Available data:
-------

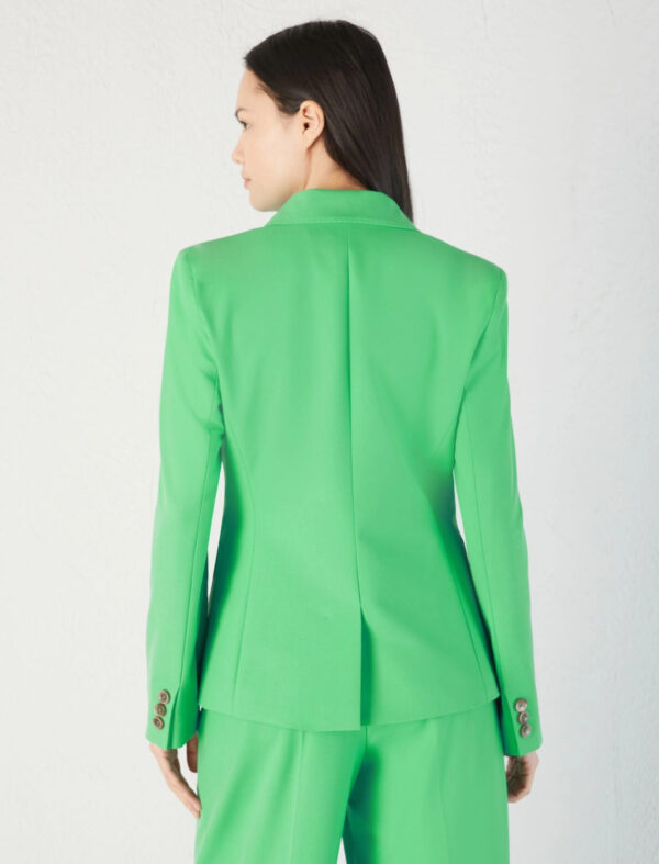 Blazer in tessuto contenente poliestere rigenerato o poliammide rigenerato, fibre provenienti dal riciclo di materiale plastico e fibre naturali riciclate e materie prime derivanti dalla cellulosa del legno, fibra ricavata nel rispetto del patrimonio forestale.
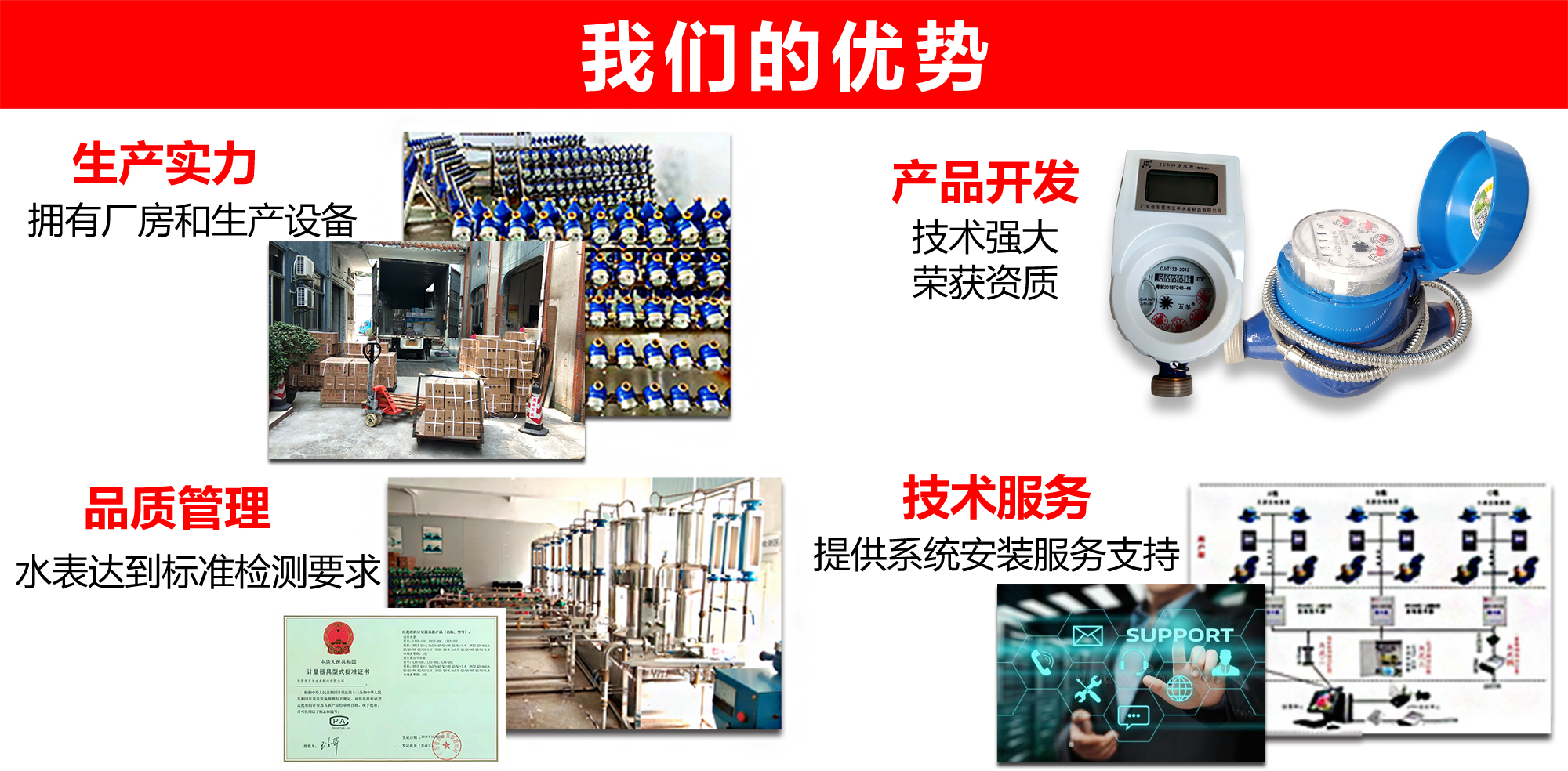 本公司是一家擁有456.jpg商標、廣東省一家擁有五羊水表合法資質的水表廠家。通過ISO- 2016認證,擁有多項自主品牌的知識產權,對智能卡表和光電直讀遠傳表提供多種技術解決方案。
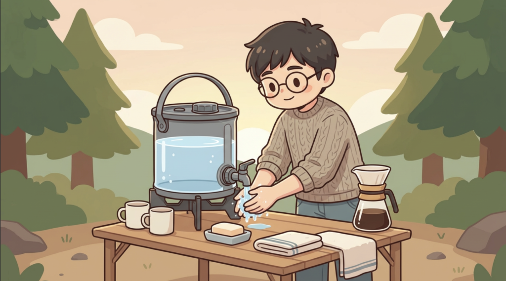 対策: 水場からサイトまでの距離が長い場合は、満タンにせず6L程度にしておくのがおすすめです。長期間使ってきて、「必ず満タンにする必要はない」と気づきました。必要な分だけ入れる柔軟な運用が、このジャグの良さを最大限に引き出します。
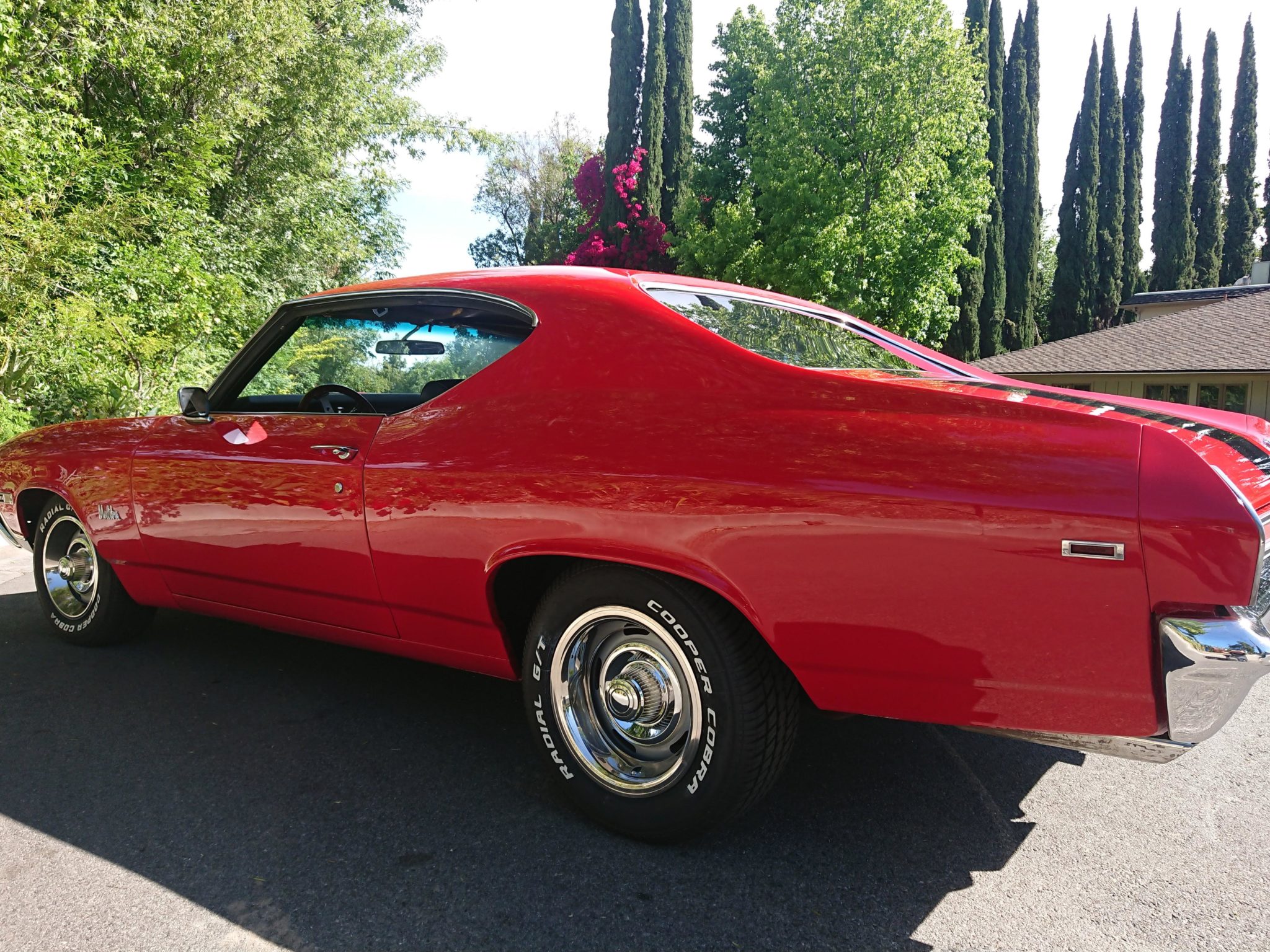 15″ Rallye-style wheels and 215/70 front and 235/60 rear Cooper Cobra Radial R/T tires were installed in February 2020. The seller reports that the front brake pads were recently replaced.

-------

What is required: I'd like the lines above repeated exactly, from the one that contains "本公司是一家擁有456.jp" through the one that contains "対策: 水場からサイトまでの", with no pictures.

Output of the exercise:
 本公司是一家擁有456.jpg商標、廣東省一家擁有五羊水表合法資質的水表廠家。通過ISO- 2016認證,擁有多項自主品牌的知識產權,對智能卡表和光電直讀遠傳表提供多種技術解決方案。
 対策: 水場からサイトまでの距離が長い場合は、満タンにせず6L程度にしておくのがおすすめです。長期間使ってきて、「必ず満タンにする必要はない」と気づきました。必要な分だけ入れる柔軟な運用が、このジャグの良さを最大限に引き出します。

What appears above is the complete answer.